Giving up [ was: Re: read-subvolume]

jdarcy at redhat.com (Jeff Darcy) · Wed, 10 Jul 2013 08:58:10 -0400

On 07/10/2013 07:01 AM, Allan Latham wrote:
> I have a simple scenario and it just simply doesn't work. Reading over
> the network when the file is available locally is plainly wrong. Our
> application cannot take the performance hit nor the extra network traffic.

Another victim of our release process.  :(  Code was added to choose the local 
subvolume whenever possible in *June 2012* (commit 0baa65b6).  Further fixes 
and related changes, including a user-submitted patch to force this choice for 
sites with more complex needs, have gone in since then.  None of them have made 
it into a release yet, since 3.4 is still in beta and the changes have not been 
backported into 3.3.anything (including 3.3.1 which I see you were using).  All 
I can offer is an apology.

> 1. get a simple minimalist configuration working - 2 hosts and
> replication only.
> 2. make it bomb-proof.
> 2a. it must cope with network failures, random reboots etc.
> 2b. if it stops it has to auto-recover quickly.
> 2c. if it can't it needs thorough documentation and adequate logs so a
> reasonable sysop can rescue it.

This is one of my own pet peeves.  I will personally be working on the 
internals documentation soon, so users will at least have a chance of 
understanding what the often-cryptic log messages really mean.  Improvements to 
logging, event reporting, and so on are also ongoing, albeit slowly and not 
under my direct purview.

> 2d. it needs a fast validation scanner which verifies that data is where
> it should be and is identical everywhere (md5sum).

How fast is fast?  What would be an acceptable time for such a scan on a volume 
containing (let's say) ten million files?

> 3. make it efficient (read local whenever possible - use rsync
> techniques - remove scalability obstacles so it doesn't get
> exponentially slower as more files are replicated)

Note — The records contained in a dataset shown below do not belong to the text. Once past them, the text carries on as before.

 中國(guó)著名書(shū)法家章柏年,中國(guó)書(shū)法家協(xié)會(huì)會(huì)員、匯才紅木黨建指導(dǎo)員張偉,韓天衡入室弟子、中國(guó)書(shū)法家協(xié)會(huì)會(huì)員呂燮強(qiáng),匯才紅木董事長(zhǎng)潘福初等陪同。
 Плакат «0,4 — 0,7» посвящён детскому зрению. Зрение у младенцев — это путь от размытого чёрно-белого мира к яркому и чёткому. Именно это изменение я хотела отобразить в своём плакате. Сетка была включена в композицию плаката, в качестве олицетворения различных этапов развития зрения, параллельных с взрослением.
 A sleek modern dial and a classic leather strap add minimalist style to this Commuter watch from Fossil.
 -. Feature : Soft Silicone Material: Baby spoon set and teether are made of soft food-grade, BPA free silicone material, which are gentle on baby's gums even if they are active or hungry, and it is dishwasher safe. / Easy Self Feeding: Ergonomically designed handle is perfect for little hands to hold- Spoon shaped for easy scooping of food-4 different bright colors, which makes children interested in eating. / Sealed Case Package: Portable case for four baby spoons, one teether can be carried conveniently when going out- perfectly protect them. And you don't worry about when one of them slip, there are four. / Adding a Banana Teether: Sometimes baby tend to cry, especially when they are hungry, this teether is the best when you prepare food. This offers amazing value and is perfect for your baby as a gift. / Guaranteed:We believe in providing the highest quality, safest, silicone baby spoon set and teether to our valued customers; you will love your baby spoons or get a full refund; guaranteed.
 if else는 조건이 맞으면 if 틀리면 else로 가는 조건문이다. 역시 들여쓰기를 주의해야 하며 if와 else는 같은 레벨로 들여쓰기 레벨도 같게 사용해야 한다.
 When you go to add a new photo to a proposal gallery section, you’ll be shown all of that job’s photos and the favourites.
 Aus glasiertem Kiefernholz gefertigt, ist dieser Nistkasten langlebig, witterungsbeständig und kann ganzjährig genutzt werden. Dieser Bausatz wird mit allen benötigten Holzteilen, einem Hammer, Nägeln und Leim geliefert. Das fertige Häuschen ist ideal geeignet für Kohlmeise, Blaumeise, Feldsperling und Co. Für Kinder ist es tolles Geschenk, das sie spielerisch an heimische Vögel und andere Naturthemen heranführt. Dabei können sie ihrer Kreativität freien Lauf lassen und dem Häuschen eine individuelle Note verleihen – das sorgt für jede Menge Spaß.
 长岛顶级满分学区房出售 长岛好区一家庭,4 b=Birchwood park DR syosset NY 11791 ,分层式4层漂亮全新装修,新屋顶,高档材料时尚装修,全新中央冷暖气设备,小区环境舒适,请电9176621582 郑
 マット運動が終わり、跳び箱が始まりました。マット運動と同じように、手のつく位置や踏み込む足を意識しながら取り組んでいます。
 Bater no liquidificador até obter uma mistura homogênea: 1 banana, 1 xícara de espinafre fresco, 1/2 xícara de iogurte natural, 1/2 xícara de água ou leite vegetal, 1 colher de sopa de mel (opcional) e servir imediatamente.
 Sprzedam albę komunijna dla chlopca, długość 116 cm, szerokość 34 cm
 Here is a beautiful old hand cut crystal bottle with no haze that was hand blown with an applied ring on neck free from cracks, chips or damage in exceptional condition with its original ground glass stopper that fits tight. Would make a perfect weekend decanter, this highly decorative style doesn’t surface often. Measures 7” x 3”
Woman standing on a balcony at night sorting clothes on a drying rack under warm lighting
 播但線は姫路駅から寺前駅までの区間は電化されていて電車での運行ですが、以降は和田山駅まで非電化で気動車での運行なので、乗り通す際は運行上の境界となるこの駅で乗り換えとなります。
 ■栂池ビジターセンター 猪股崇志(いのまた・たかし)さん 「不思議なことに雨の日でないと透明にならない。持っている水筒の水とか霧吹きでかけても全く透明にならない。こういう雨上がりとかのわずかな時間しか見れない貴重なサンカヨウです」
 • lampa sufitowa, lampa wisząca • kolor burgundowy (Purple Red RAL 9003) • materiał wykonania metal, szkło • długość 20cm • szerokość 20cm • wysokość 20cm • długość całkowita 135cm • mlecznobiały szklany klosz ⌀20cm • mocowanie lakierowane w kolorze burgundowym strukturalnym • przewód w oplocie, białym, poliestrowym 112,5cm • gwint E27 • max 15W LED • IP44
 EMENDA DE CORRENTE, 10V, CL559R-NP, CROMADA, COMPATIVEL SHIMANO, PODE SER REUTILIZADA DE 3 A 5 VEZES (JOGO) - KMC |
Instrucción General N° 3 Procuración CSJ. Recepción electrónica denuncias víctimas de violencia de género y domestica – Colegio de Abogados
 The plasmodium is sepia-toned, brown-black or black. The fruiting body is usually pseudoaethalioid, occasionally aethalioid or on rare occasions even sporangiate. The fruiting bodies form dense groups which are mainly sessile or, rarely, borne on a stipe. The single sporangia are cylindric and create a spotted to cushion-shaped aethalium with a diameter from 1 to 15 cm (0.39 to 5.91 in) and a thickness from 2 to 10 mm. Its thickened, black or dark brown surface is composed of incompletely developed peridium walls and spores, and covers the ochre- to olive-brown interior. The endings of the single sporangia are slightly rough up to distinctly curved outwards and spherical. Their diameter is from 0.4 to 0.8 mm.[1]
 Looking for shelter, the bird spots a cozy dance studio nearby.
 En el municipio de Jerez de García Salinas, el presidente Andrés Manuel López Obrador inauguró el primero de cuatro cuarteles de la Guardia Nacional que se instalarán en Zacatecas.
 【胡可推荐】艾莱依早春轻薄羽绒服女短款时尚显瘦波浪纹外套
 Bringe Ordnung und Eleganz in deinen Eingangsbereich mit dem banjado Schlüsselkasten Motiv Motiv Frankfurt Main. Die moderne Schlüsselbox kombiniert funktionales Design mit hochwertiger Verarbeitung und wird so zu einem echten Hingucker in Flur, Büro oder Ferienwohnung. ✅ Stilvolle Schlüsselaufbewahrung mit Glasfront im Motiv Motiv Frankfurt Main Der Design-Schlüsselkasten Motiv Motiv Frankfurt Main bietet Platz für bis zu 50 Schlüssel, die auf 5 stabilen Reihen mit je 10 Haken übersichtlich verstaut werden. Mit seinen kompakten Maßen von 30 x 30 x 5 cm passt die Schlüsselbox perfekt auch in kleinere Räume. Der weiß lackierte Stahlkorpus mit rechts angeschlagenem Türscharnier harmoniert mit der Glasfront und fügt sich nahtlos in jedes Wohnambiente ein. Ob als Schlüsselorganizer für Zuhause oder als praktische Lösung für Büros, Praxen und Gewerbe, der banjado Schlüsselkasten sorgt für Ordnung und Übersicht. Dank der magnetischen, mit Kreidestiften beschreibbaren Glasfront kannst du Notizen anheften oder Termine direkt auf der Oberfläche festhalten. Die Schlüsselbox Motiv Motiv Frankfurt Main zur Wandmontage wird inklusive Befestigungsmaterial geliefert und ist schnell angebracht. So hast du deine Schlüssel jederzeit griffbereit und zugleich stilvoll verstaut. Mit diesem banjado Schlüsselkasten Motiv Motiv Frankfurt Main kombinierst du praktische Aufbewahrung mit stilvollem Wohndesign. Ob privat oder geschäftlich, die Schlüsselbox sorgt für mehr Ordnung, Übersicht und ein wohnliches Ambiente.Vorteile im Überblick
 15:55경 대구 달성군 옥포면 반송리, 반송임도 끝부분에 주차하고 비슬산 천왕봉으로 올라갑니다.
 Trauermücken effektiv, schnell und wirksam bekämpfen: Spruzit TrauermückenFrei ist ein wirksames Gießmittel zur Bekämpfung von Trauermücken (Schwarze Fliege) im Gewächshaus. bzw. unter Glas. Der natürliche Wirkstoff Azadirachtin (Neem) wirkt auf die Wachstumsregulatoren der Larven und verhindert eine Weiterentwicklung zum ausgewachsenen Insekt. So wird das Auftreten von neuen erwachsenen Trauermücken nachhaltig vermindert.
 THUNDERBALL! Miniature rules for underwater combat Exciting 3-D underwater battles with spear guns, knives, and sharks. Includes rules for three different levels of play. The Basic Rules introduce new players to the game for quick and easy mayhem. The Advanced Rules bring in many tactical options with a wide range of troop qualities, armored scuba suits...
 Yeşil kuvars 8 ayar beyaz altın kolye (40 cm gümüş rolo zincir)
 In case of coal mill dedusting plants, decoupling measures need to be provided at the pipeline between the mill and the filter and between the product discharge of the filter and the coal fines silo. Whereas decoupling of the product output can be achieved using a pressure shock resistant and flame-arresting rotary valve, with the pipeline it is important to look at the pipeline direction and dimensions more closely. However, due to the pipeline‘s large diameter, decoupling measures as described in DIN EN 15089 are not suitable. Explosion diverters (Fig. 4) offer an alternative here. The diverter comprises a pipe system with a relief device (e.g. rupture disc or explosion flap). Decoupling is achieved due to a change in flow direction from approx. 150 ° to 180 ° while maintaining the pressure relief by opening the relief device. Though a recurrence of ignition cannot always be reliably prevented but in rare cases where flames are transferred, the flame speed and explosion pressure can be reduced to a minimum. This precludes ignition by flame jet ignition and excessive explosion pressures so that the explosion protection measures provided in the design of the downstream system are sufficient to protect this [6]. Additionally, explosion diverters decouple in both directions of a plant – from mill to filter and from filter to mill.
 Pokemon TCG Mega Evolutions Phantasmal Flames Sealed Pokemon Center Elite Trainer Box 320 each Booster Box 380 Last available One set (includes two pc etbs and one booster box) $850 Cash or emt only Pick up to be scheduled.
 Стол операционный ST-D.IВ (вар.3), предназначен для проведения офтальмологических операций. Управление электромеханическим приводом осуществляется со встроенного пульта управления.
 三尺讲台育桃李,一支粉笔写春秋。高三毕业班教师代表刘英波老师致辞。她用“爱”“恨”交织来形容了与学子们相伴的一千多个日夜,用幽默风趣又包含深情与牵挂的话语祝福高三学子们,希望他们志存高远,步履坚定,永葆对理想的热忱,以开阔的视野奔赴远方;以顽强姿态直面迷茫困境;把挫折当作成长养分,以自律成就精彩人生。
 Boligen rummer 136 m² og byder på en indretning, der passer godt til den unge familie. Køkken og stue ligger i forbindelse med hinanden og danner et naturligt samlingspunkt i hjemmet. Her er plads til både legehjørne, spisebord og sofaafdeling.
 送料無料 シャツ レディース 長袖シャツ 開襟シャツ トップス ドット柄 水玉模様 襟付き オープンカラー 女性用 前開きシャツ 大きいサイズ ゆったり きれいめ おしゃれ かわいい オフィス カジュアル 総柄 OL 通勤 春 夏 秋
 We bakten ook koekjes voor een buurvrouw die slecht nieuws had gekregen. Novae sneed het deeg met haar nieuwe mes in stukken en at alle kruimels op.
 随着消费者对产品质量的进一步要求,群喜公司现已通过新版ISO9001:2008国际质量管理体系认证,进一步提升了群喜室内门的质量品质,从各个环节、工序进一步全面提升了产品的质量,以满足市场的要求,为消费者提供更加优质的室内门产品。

Can you explain "exponentially"?  The time for a full scan should increase 
*linearly* with number of files.  That's bad enough, and it's why we're 
starting to get away from reliance on full scans in favor of logging or 
journaling approaches, but if you're seeing exponential behavior then something 
is amiss.

> 4. when that works expand to multiple hosts and clever distribution
> techniques.

That would be a fine sentiment for a new project, but it's not really an option 
when there are already thousands of users relying on the "clever distribution 
techniques" and many other features in production.  We do have to fix their 
bugs too, so we can't devote all of our resources to improving or 
reimplementing replication.  Believe me, I wish we could.

Thank you for your constructive feedback.  I hope that we can use it to make 
things better for everyone.